### [Task to complete]
Quote the data exactly, first line to the line containing "そのウィンドウを拭きあげていこうとしたら、その枠にアマガエル", with no pictures.

[Source data]

—————

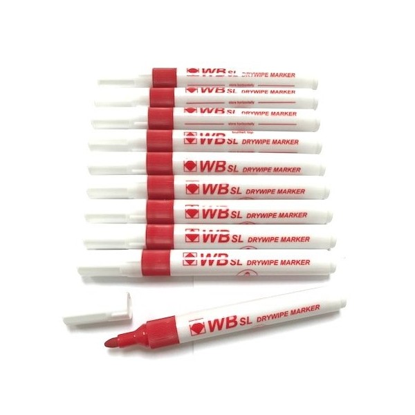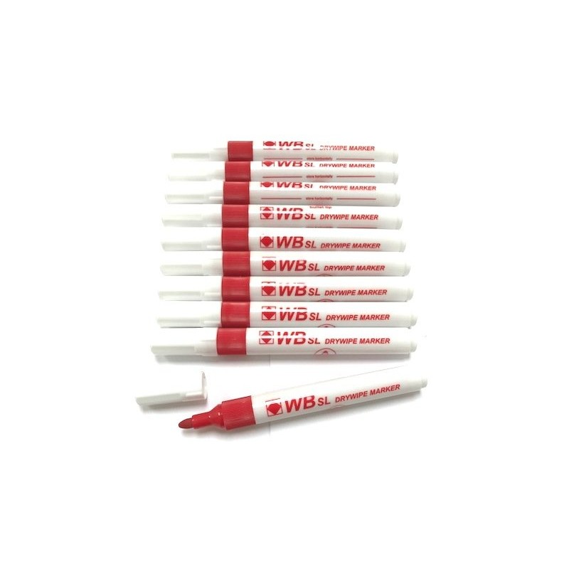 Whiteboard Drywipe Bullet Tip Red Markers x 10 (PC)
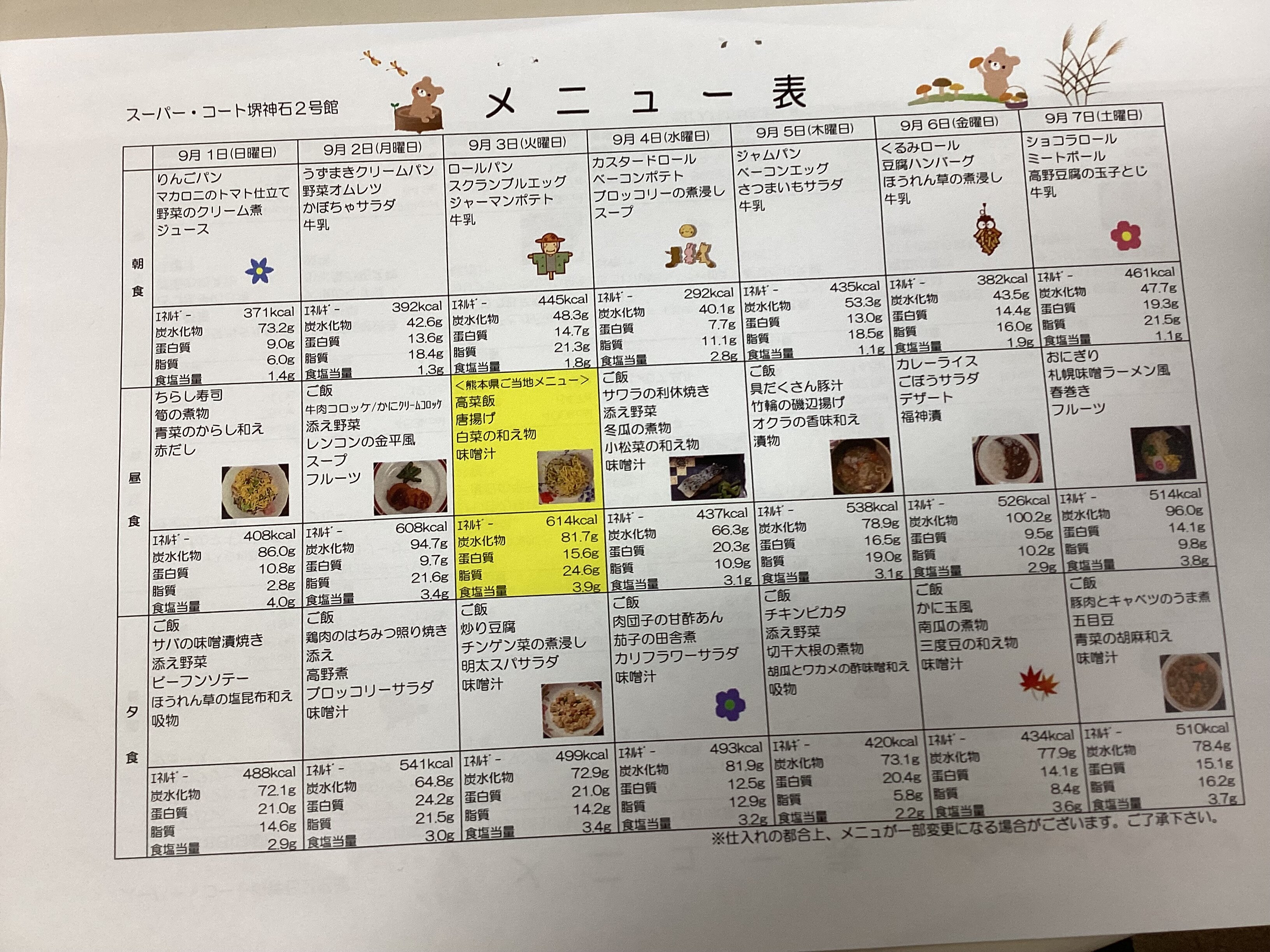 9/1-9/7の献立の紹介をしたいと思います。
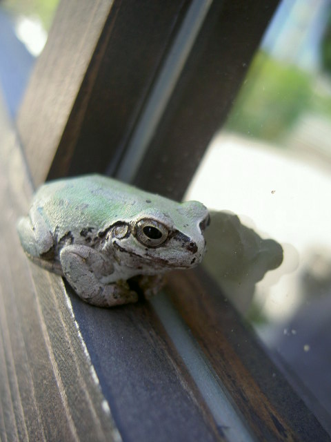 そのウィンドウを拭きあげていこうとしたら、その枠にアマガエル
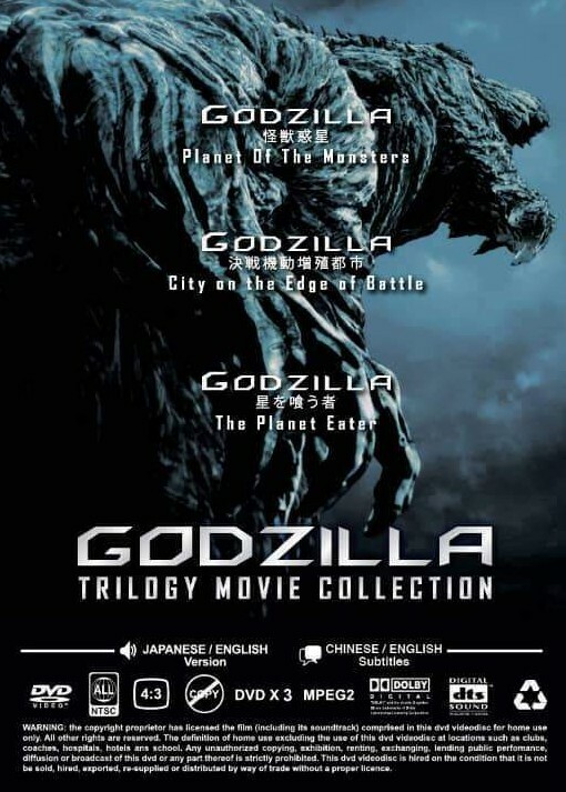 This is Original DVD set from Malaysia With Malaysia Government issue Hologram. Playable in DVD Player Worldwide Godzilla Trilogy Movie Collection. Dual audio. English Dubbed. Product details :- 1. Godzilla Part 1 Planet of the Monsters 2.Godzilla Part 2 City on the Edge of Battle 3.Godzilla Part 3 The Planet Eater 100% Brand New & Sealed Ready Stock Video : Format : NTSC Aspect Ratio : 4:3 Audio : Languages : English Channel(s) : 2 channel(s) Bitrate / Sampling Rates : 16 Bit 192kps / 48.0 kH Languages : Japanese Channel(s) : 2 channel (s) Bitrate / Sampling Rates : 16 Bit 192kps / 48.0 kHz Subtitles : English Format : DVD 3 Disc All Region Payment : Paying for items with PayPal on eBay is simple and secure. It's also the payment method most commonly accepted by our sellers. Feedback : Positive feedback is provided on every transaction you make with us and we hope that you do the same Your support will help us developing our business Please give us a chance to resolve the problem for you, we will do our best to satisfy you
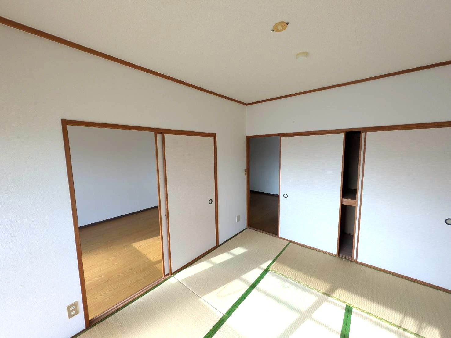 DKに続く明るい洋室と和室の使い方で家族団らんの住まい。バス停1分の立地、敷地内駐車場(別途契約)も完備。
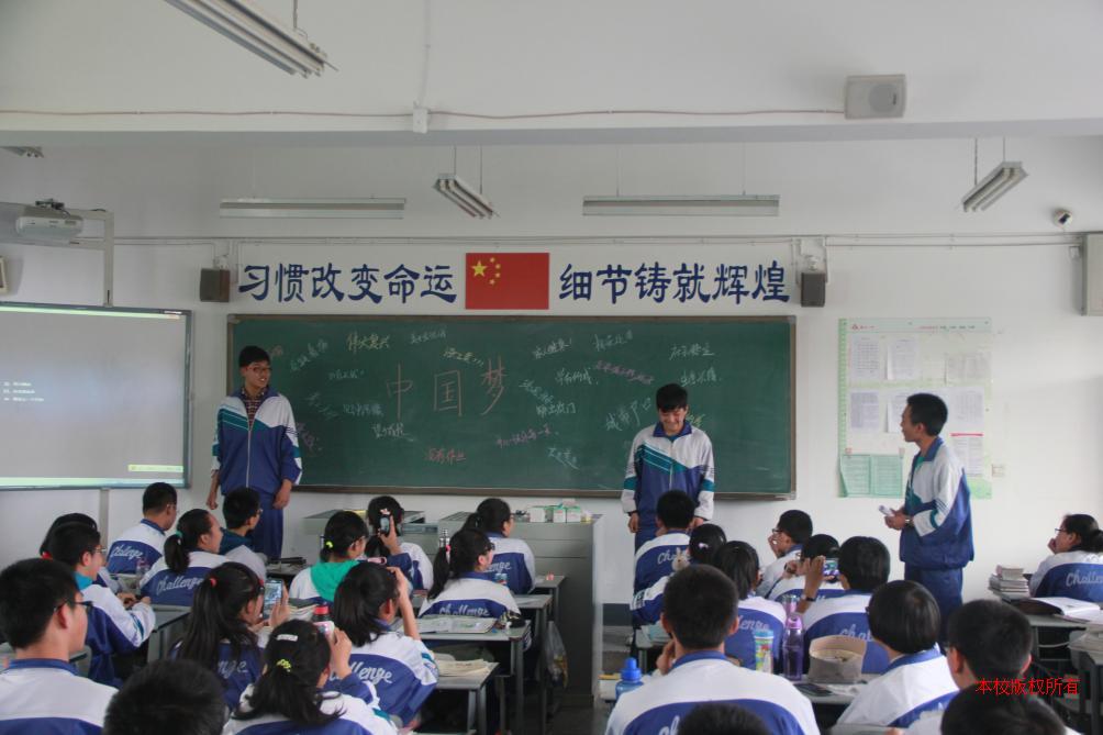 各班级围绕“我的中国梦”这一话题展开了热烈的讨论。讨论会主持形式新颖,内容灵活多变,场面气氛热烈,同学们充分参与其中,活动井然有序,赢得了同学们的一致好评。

—————

### [Task solution]
 Whiteboard Drywipe Bullet Tip Red Markers x 10 (PC)
 9/1-9/7の献立の紹介をしたいと思います。
 そのウィンドウを拭きあげていこうとしたら、その枠にアマガエル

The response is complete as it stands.